Until I said it, I hadn’t realized it was true.

Days 14-16: Testing out open monitoring meditation

I was continually frustrated with not being able to keep my brain focused, until I read this analogy on Reddit

“A lot of people think they fail at mindfulness meditation, just watching the breath, because they get distracted by thoughts. In fact, being distracted and then noticing the distraction and returning to your breath is the entire point.”

So, having to bring my attention back to my breath over and over again wasn’t a problem — it was the point.

After that, I tried to instead focus on everything that was around me. This is sometimes called open monitoring meditation. Instead of focusing on my breath, I’d sit and I’d pay attention to my senses. Hear: car. Let it go. Feel: Neck tension. Let it go. Smell: Candle. Let it go.

This seemed to help me be gentler with myself. And after a couple of days, I went back to trying focused meditation.

My focus still wandered, constantly, but re-focusing was a much kinder process.

Day 17: A new technique

Three weeks into the challenge, I visited a friend whose mom does breathwork. I told her mom about my meditation challenge and she recommended a technique to me, which she called “tapping into your womb space.” She’d learned the technique at a conference from Rachael Jayne, who talks about the idea that women’s energy comes from their pelvic area (men’s, in contrast, comes from their chest.)

More:5 Simple tips for becoming a meditation teacher

The idea of “womb space” made me feel a little hippie dippie, and I wasn’t sure I liked the divide between men and women’s “power” sources (what about transgender people? What about women with hysterectomies?), but I was open to trying a new technique.

She led my friend and me through a brief meditation by imagining turning on a light directly in the bowl of our pelvic area. I couldn’t help but feel like different parts of me — my chatty, racing brain, my muted, confused feelings and my body — seemed to calm and connect into one. I started using this visualization in meditation and also in moments I was feeling particularly frantic.

Days 17–30: Still not Zen

On a small number of days, I found myself in a steady sense of focus and awareness. Most days, I would find focus for a few breaths and then my brain would run off like a restless puppy and I would have to remember to bring it back.

I also found that it was hard to convince myself that I was getting any benefit while I was doing it, but when my 20 minutes would be over and I would open my eyes, I could sense a difference between the way the world felt when I’d started. It seemed clearer but also farther away, less directly affecting me.

Another benefit was that when I went to yoga, I felt like it was easier to show up and be in the moment on the mat rather than running to-do lists through my head while in downward dog.

Overall impression

I thought it was really worthwhile, and I kind of wish I’d set the challenge for more than 30 days.

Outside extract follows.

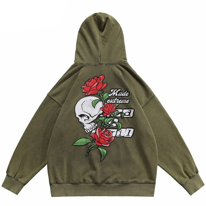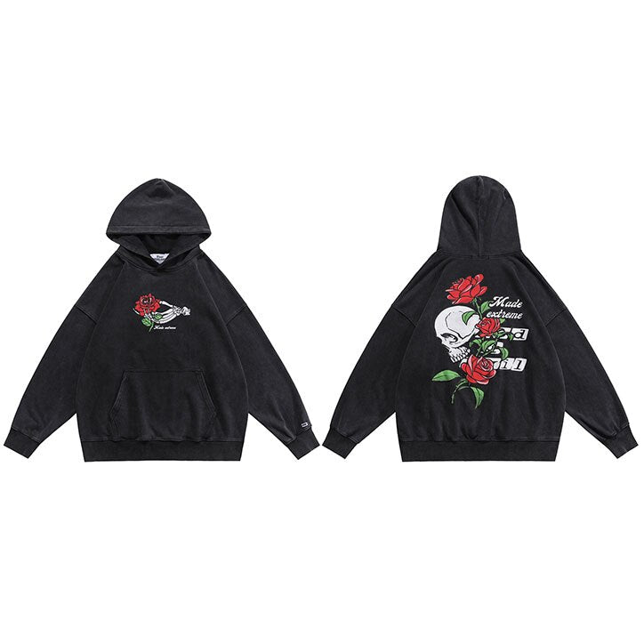 "Skull Rose" Unisex Men Women Streetwear Graphic Hoodie

Since the 30 days have been over, I’ve still been meditating but haven’t been as consistent with it, which is something I want to be better about. Even if I don’t feel like I’m reaching a particularly meditative state, closing my eyes and allowing my brain not to race in a million directions in itself feels really nice.

The biggest things I learned from the 30 days were:

  • Be nice to yourself when you start. It’s important to know what your goal is, but getting frustrated when your brain wanders isn’t doing you any favors.
  • Failing to focus is part of the process. Embrace it.
  • Stepping away from everything to focus only on yourself is a really wonderful gift

Someday I might even try to do two different meditation sessions a day — one in the morning and one later in the day — but, ah, baby steps.